ANCHORAGE, Alaska - Two visitors from Australia were killed in a fiery small plane crash in Alaska's interior, the Alaska State Troopers said on Thursday.
The Piper PA32 crashed on Wednesday about 39 miles (63 km) north of Fairbanks, the troopers said. Searchers alerted to the plane's emergency located its burning wreckage late in the day and confirmed that both people aboard the plane were killed.
The victims were identified as pilot Stephen Knight, 64, and Gillian Knight, 60, both of Queensland.
The search started after communications between the plane and an air-traffic controller ceased abruptly, trooper spokeswoman Megan Peters said. She did not say where the plane was heading when it went down.
A controller responded to a query from the plane, "and no one answered," Peters said. "At that point, they realized that the plane went off the radar."
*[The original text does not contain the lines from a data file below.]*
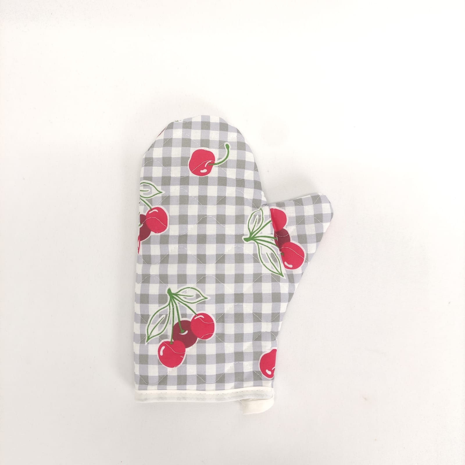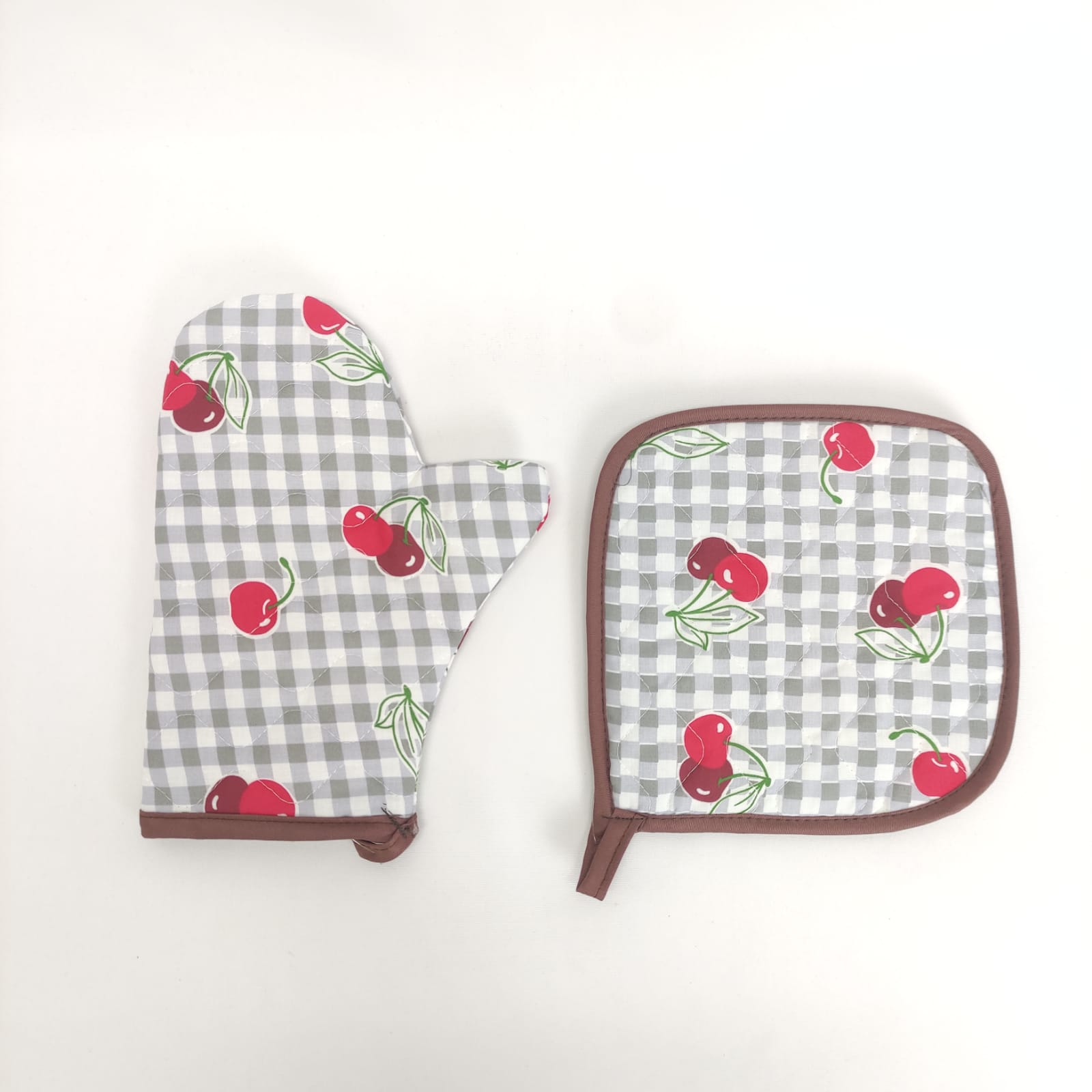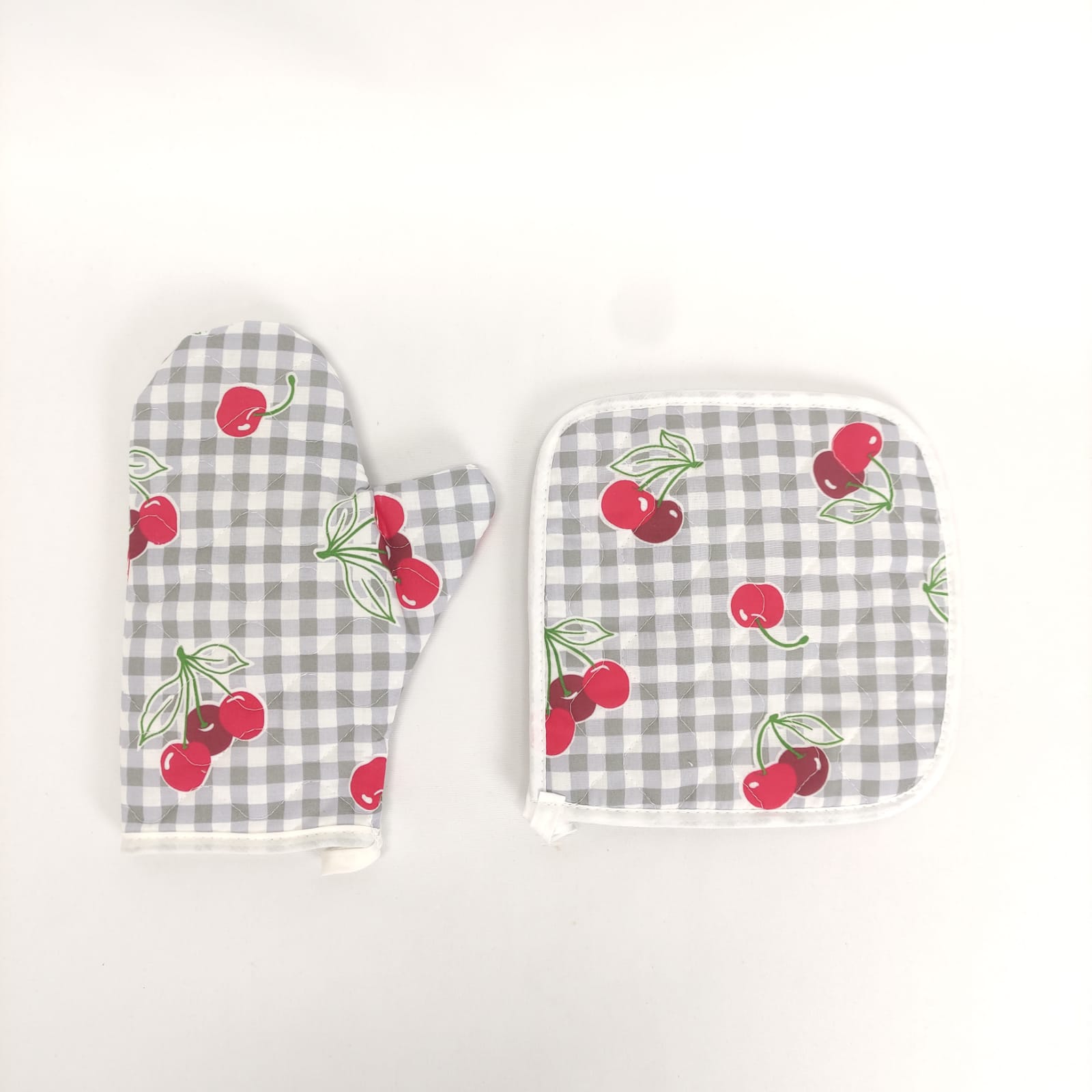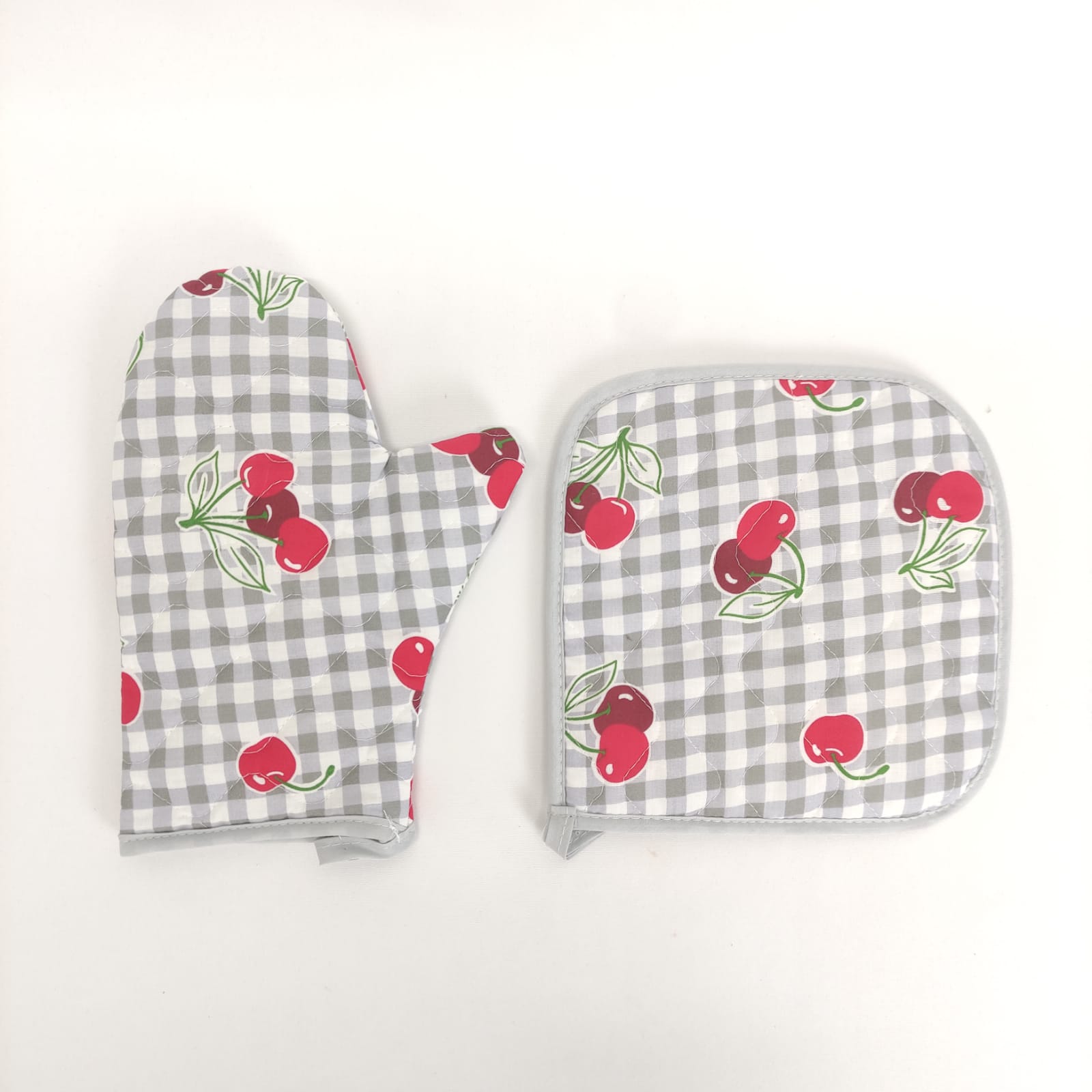 Pega e Luva com padraõ de cerejas, em algodão e acolchoado para maior seguridade e conforto.
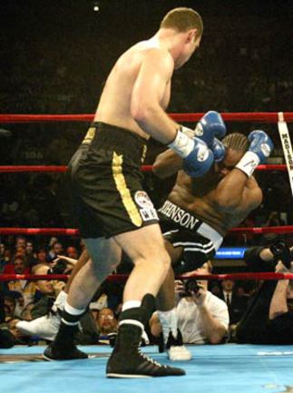 Украинский тяжеловес Виталий Кличко в ночь с субботы на воскресенье в нью-йоркском "Мэдисон Сквер Гардене" во втором раунде послал в нокаут канадца Кирка Джонсона. |
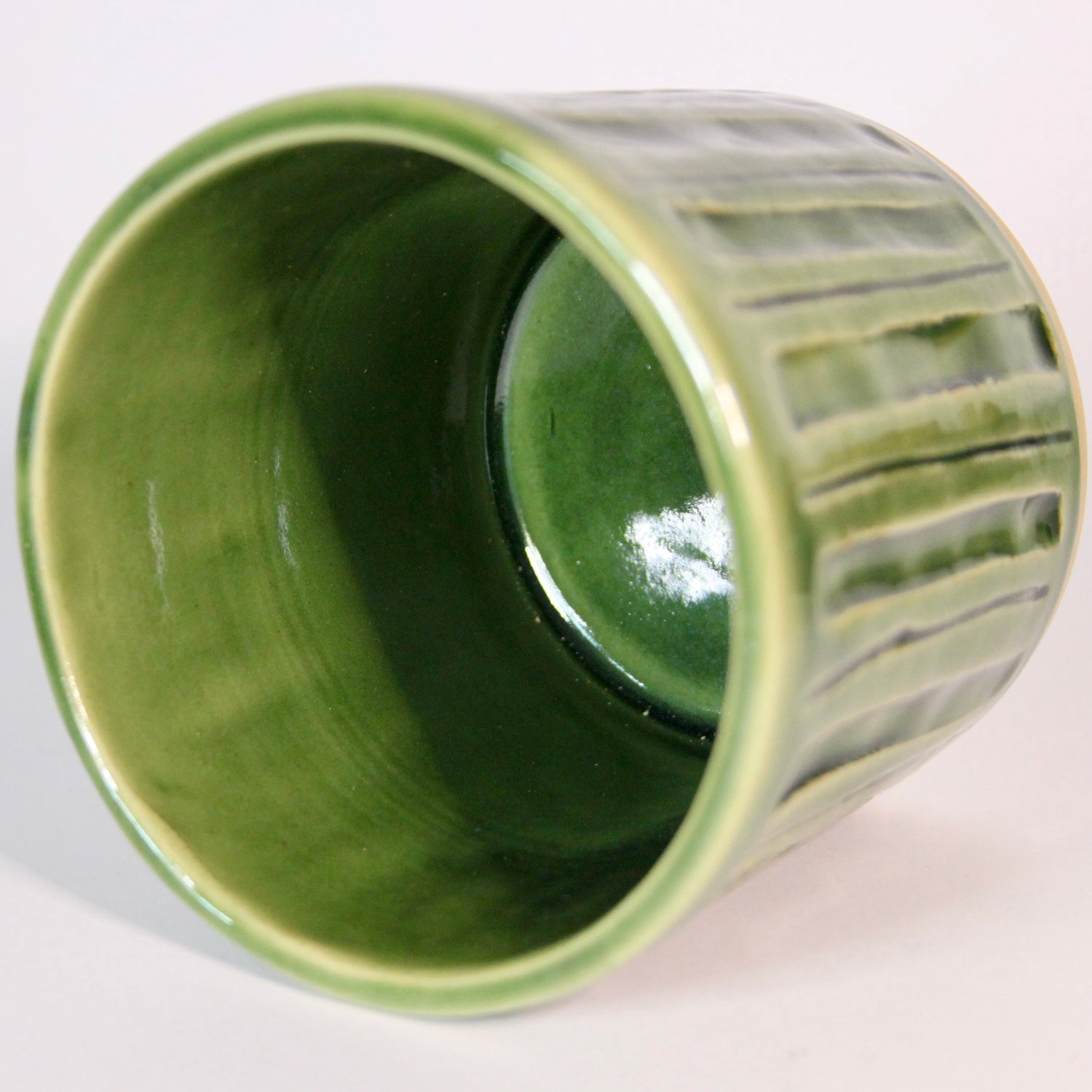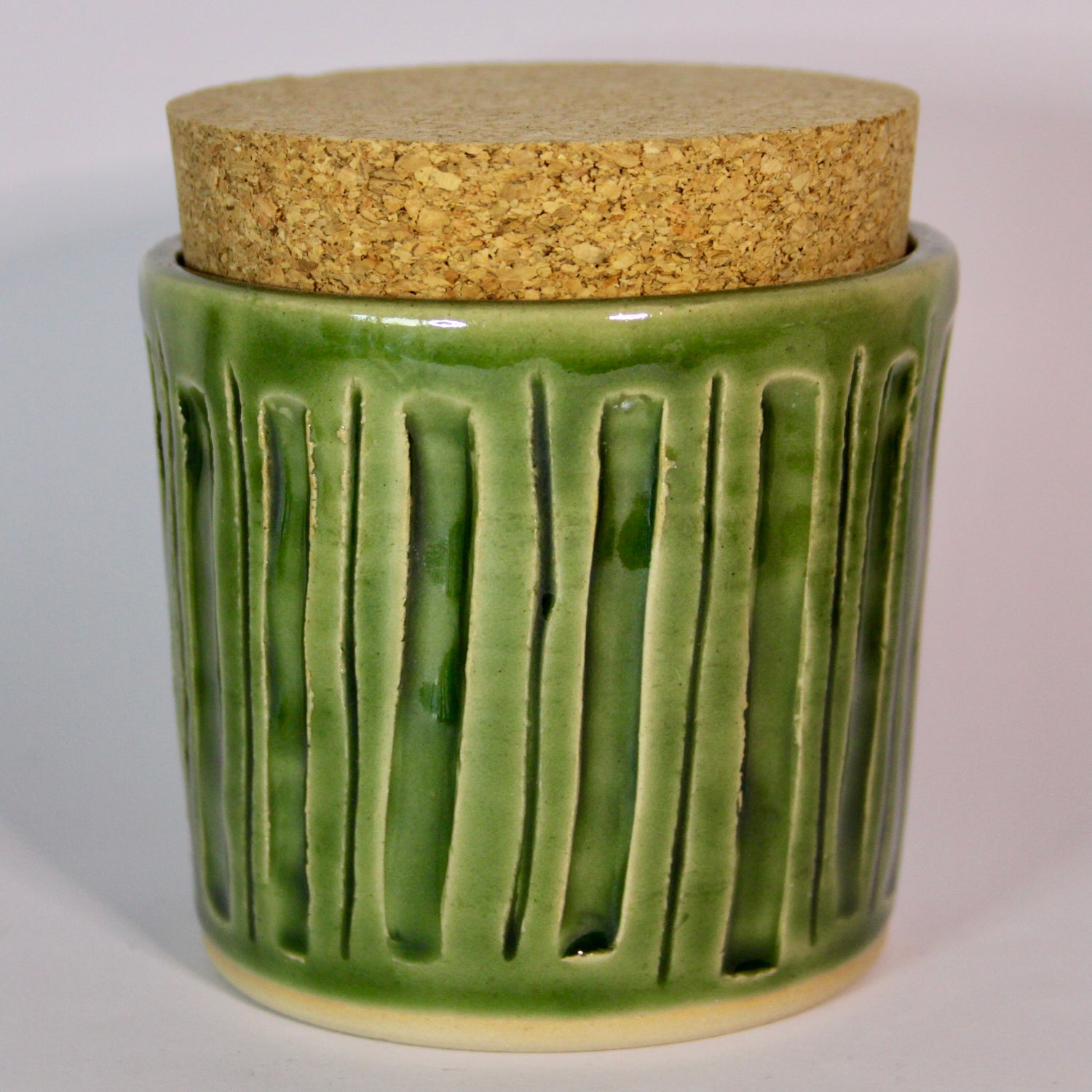Dit is een klein formaat voorraadpotje met een kurken bondel. Het voorraadpotje is in de kleur groen en heeft uitgesneden decoratie.
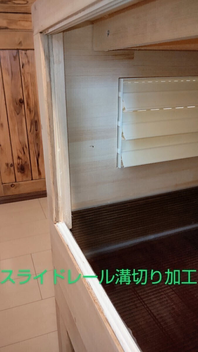 表側は、軽さと安全面を考え、透明なアクリル板(3ミリ厚)スライド窓。ペットが戸を開けるのを防止【側面溝切り】
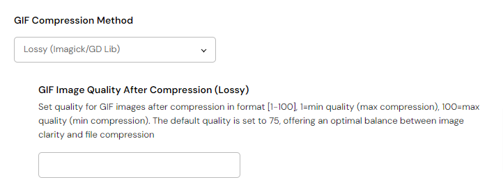 Next up is the GIF compression method, where you can pick from two compression types: Lossy (Imagick/GD Lib) and Lossy (CL Tools), with the same options partaining to compression quality as in the case of JPG and PNG files.
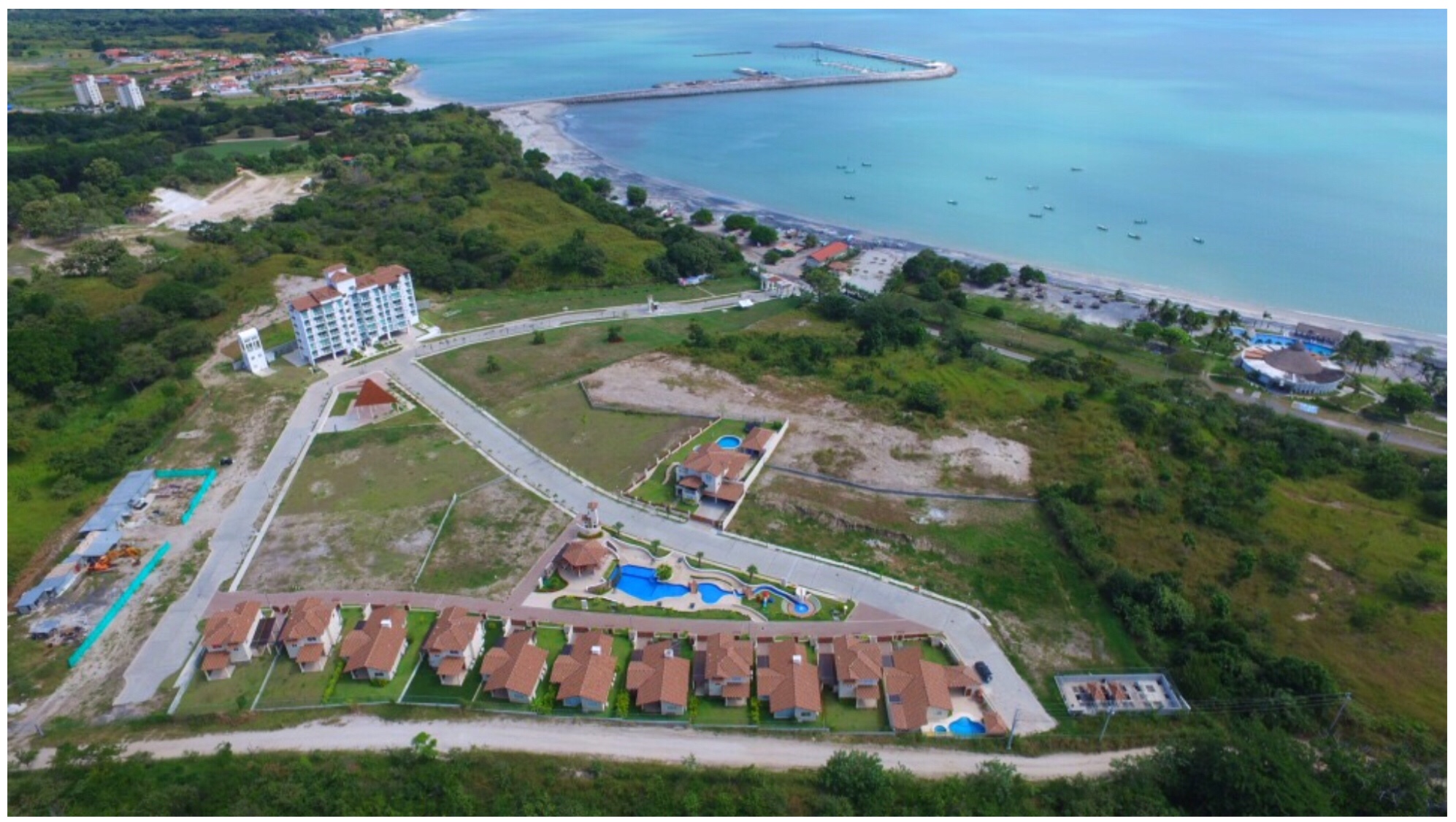 - Un complejo vacacional, con un muro recto -con un ángulo mayor de 90° con la base-, construido como muro de contención o rompeolas. Quizá, como muro impermeable para que soporte la fuerza de la ola y evite la entrada del agua cuando hay aumento de nivel de marea.
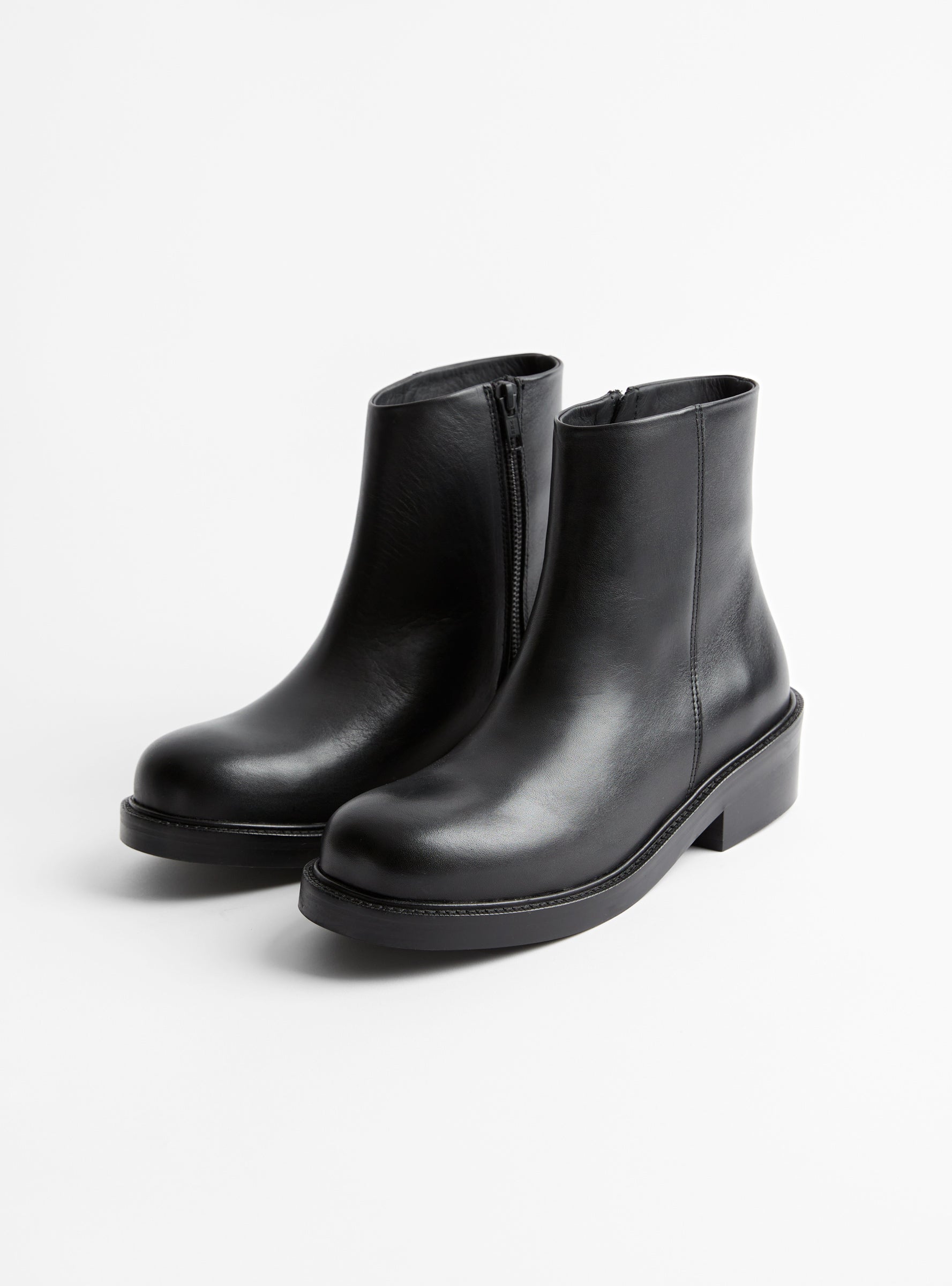 The Lerato Leather Boots from Séfr arrive in Black. These boots are crafted from smooth Italian calf leather and feature a chunky rounded toe, onsteam lining, and a Neolite outer sole. A side YKK zip allows easy entry and adds a clean finish.
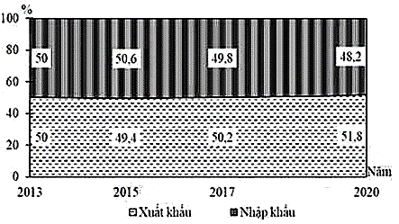 Cho biểu đồ về giá trị xuất, nhập khẩu của nước ta, giai đoạn 2013 - 2020: (Số liệu theo
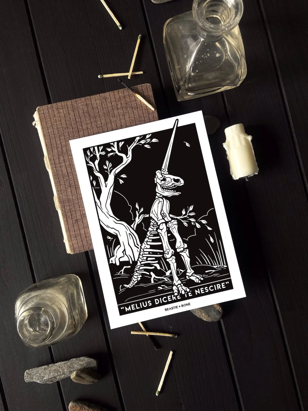 Welcome, Patron, to your exclusive shop! Only you and your fellow Beastie and Bone Patreon members have access to these special print designs. Your early access to all new goods and originals will also be posted here before being added to the general Beastie and Bone online shop, as well.

Bad weather delayed recovery efforts until Thursday, Peters said. Although the crash site was only about a 25-minute flight from Fairbanks, the cloud ceiling was extremely low and "fog was horrible", she said.
The crashed Piper had been rented from the West Valley Flying Club of Palo Alto, California, said Clint Johnson, an investigator with the National Transportation Safety Board.
Before the crash, it had been flying with another general-aviation aircraft also rented from the same club, Johnson said.